(Records drawn from a dataset)
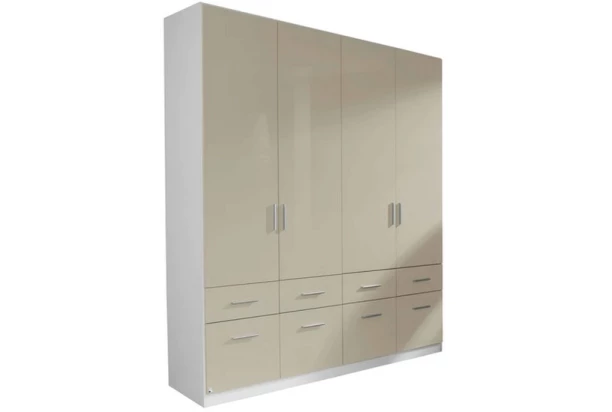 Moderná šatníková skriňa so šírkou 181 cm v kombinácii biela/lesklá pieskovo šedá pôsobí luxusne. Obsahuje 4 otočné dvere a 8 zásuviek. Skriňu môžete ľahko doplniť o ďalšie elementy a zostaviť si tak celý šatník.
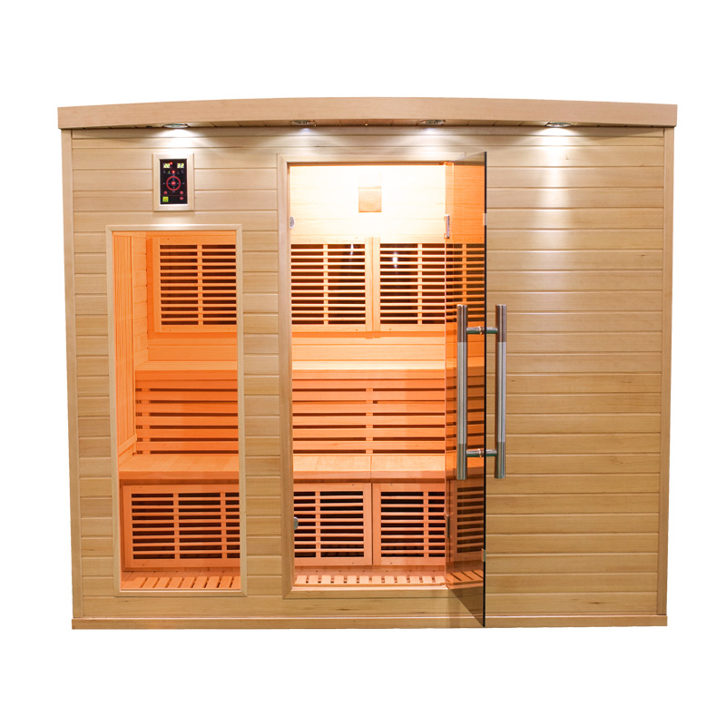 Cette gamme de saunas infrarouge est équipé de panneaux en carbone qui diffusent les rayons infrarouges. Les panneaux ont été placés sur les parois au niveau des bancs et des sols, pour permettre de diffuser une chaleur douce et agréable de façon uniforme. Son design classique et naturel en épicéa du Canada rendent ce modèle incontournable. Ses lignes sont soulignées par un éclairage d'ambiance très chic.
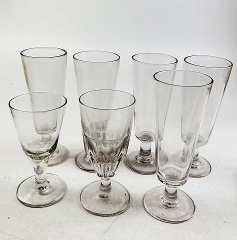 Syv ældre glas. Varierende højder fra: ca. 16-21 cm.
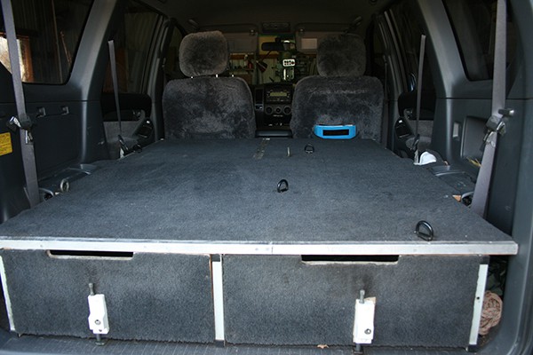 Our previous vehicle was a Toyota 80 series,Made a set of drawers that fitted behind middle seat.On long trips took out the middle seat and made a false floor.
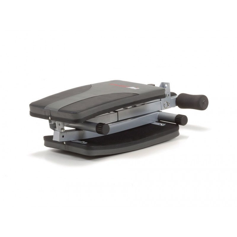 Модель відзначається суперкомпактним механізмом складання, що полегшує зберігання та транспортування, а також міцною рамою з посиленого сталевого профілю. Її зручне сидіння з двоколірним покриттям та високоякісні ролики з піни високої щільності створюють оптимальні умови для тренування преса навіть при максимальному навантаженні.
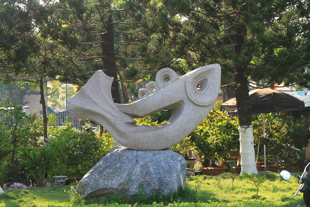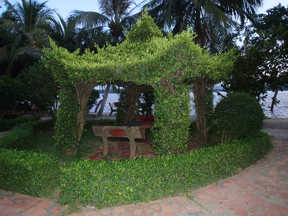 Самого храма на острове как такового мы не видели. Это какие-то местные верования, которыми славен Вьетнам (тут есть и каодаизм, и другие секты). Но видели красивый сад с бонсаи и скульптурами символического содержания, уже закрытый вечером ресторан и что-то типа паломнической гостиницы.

## TASK DESCRIPTION
When you return the records, keep every word unchanged and drop the pictures.

## RESULT OF THE TASK
 Moderná šatníková skriňa so šírkou 181 cm v kombinácii biela/lesklá pieskovo šedá pôsobí luxusne. Obsahuje 4 otočné dvere a 8 zásuviek. Skriňu môžete ľahko doplniť o ďalšie elementy a zostaviť si tak celý šatník.
 Cette gamme de saunas infrarouge est équipé de panneaux en carbone qui diffusent les rayons infrarouges. Les panneaux ont été placés sur les parois au niveau des bancs et des sols, pour permettre de diffuser une chaleur douce et agréable de façon uniforme. Son design classique et naturel en épicéa du Canada rendent ce modèle incontournable. Ses lignes sont soulignées par un éclairage d'ambiance très chic.
 Syv ældre glas. Varierende højder fra: ca. 16-21 cm.
 Our previous vehicle was a Toyota 80 series,Made a set of drawers that fitted behind middle seat.On long trips took out the middle seat and made a false floor.
 Модель відзначається суперкомпактним механізмом складання, що полегшує зберігання та транспортування, а також міцною рамою з посиленого сталевого профілю. Її зручне сидіння з двоколірним покриттям та високоякісні ролики з піни високої щільності створюють оптимальні умови для тренування преса навіть при максимальному навантаженні.
 Самого храма на острове как такового мы не видели. Это какие-то местные верования, которыми славен Вьетнам (тут есть и каодаизм, и другие секты). Но видели красивый сад с бонсаи и скульптурами символического содержания, уже закрытый вечером ресторан и что-то типа паломнической гостиницы.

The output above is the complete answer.